As the Federal Reserve gears up to cull its bond holdings sooner and faster than it has previously, officials say a new tool, combined with lessons from the past, should help smooth the process and avoid the market upheaval its earlier effort ultimately triggered.
Still, Fed leaders will have to tread carefully as they figure out how much they can realistically shrink their roughly $9 trillion portfolio, and some analysts believe they will need to employ more aggressive measures than last time. It's a critical question facing the Fed as it looks to right-size its asset holdings, which roughly doubled in less than two years as it amassed Treasuries and mortgage-backed securities to help lower borrowing costs and cushion the economy and markets from the coronavirus pandemic.
With unemployment back to near pre-pandemic levels and inflation running very high, officials say the same amount of support is no longer needed. But it is unclear how small the balance sheet will get. As officials feel their way down to a smaller balance sheet, they will need to keep a close eye on markets, and the economy, to know if they've gone too far.
WHAT COULD GO WRONG?
The last time officials tried to reduce their bond holdings, from the end of 2017 to autumn 2019, they only managed to shrink the balance sheet by about 15% or so before they ran into trouble. That was because the level of reserves, or deposits that banks hold with the Fed, got too low, which led to a spike in short-term borrowing costs in September 2019.
Officials are more ambitious this time, with some eyeing a level below where it was before the global health crisis began in early 2020 - a reduction of greater than 50%. But some economists say it's not yet clear whether the Fed will be able to get that far, or if it can go even lower thanks to other central bank facilities now in place.

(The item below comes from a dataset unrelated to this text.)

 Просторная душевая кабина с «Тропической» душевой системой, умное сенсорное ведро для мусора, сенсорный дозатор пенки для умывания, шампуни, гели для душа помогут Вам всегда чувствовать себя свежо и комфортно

WILL THE FED HAVE TO SELL BONDS OUTRIGHT?
That's a big unknown, and while Fed officials have not ruled anything out, they've generally shied from discussion of actively selling assets rather than allowing the reduction to occur passively by letting bonds roll off the portfolio as they mature. It's not clear that the portfolio's maturity schedule will allow the Fed to shrink its holdings as fast as some would like, however.
Some analysts, like Zoltan Pozsar at Credit Suisse, argue that the Fed may be pressed into bond sales this time because of the size of the inflation threat, the run-up in risky assets during the Fed's quantitative easing phase and a flattening Treasury yield curve.

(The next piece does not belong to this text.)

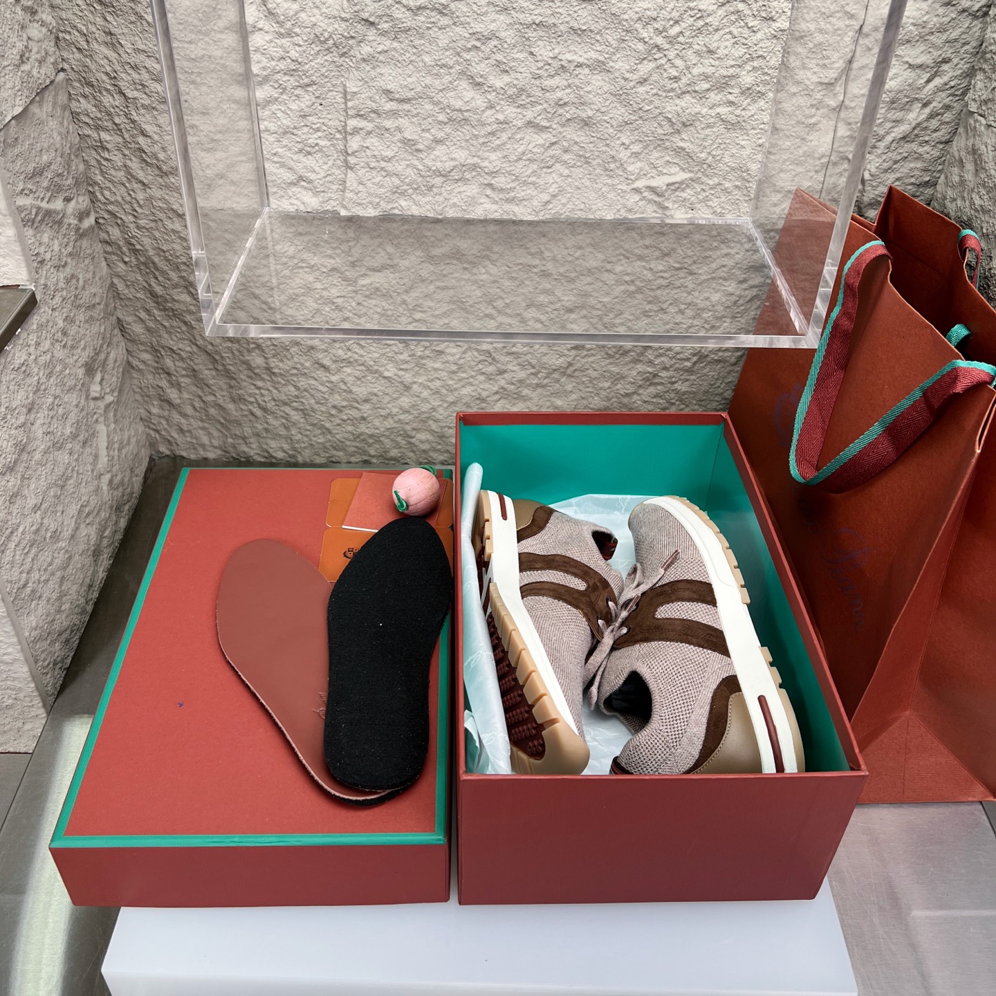 这款鞋子是AAAAA 1:1 质量 (非常棒). 使用了和原版一模一样的材料. 商标部分也保持了和洛罗皮亚纳/Loro Piana一样. 图片拍摄是实物鞋子拍摄, 您所收到的实物保证和我们图片一模一样.

This time, "outright asset sales, if inflation, exuberance, or a curve inversion so dictate, are not at all unlikely," Pozsar wrote in a report.

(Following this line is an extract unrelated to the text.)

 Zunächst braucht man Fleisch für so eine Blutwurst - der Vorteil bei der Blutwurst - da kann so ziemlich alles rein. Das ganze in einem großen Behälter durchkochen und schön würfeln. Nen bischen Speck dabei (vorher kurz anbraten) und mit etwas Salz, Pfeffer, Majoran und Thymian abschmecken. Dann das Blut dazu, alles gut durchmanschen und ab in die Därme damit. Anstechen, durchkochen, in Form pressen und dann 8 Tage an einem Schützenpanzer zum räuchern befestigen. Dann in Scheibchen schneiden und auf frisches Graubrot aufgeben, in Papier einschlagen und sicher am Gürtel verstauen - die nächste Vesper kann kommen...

HOW WILL THEY KNOW THEY'VE GONE TOO LOW?
The balance sheet levels seen before the pandemic may not be a good gauge for how low holdings can get this time around. One factor is that "banks' demand for reserves varies over time," Lorie Logan, an executive vice president in the Markets Group of the New York Fed, said earlier this month during an interview with the Macro Musings podcast.
To figure out if reserves are falling too low, the Fed will keep an eye on money markets, Logan said. As she and other New York Fed officials explained in a recent blog post, the relationship between the effective federal funds rate (EFFR), or the Fed's main target rate, and the interest rate that the Fed pays on reserve balances (IORB) is important.
The two rates trade further apart when reserves are abundant, as they were between 2013 and 2014. And the rates trade closer together when reserve balances are declining, as they were between 2017 and 2019.